Dan Nelken: Till the cows come home, copyright 2008
Publisher: Design Kehrer Verlag
Texts: Roy Flukinger and Dan Nelken
Language: English
All Creatures Great and Small
From a European point of view, the cliché of America consists of a diffuse concept of freedom, vastness, we think of the big cities like New York, Los Angeles, of pop culture and capitalism. But also of Texas, of childhood memories from feel-good TV shows, describing an ideal world of rural life. Be it The Waltons or Little House on the Prairie. It seems to be the perfect world, where humans and animals live together in harmony, where problems are solved in an uncomplicated way and at the end of the day everything comes back to normal. Dan Nelken takes us on a journey into a world that is rather unknown, especially to city dwellers. On the one hand, there are the small farms who supply their local communities, where globalisation seems far away. It gets even smaller at the regional agricultural fairs, where the farmers display their animals and their products. The most beautiful cow, the most stunning turkey, the biggest pumpkins are awarded prizes. While his photographs may be from the early 2000s, they would probably look the same 30 years ago and still do today.
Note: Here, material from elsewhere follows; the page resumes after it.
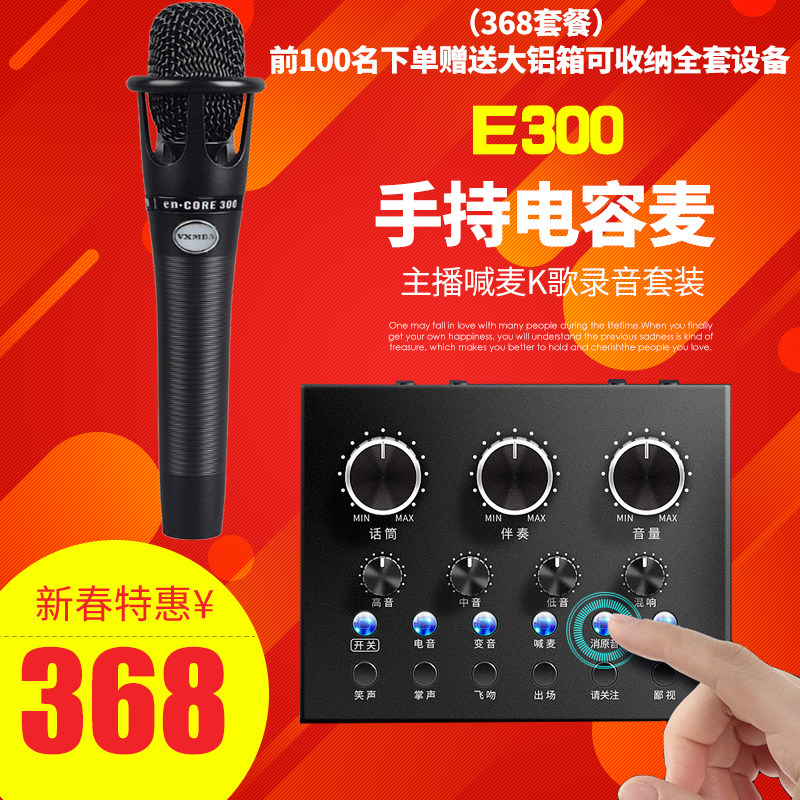 e300 Handheld Capacitive Microphone Fast Hands Full K Song Yelling Wheat Live Microphone Mobile Phone Computer Sound Card Universal Suit

It shows the endurance of this institution of farmers as the backbone of the US food supply. Nelken portrays what is presumably the next generation of farmers, posing with wit, pride, the successes of hard work and affection for their animals. He’s focussing on the children and young people who will eventually take over their parents‘ farm, if it is still profitable then. Even in the USA, it is no longer a matter of course to be able to make a living from farming. But those days will soon come to an end, regardless of whether they follow in their parents‘ footsteps, take on their inheritance or migrate in the hope of a more secure professional future. Moments of affection, of intimacy still predominate, but a glimpse of the future is portrayed in the portraits of the adults, posing sternly, focused, for them these fairs merely serve as a testament to their hard work.
I would like to dare a small insertion, shifting the focus a little, away from Nelken’s intention, which of course was not to initiate a debate about livestock farming.
As an outsider, you get the feeling that the animals on display here are not just mere commodities, not just an asset in a huge meat factory hall where animals never see the sunlight, never experience what it’s like to feel grass under their hooves. And yet, for city dwellers, this world seems not only foreign but also alien. Even if the animals are awarded more space, more quality of life than others, at the end of the day there is suffering and death. Cows lying behind the buffet, relaxing, while the remains of the hot dog and the burger lie on the table. That is maximum ambivalence.
Whether the hard work that the current generation can still rely on, albeit less and less, will pay off for future generations is more than questionable. Small farmers can hardly survive, let alone win, in the competition with global corporations. If they disappear, so does an entire culture. In 20 or 30 years, Dan Nelken’s work will have become a relic.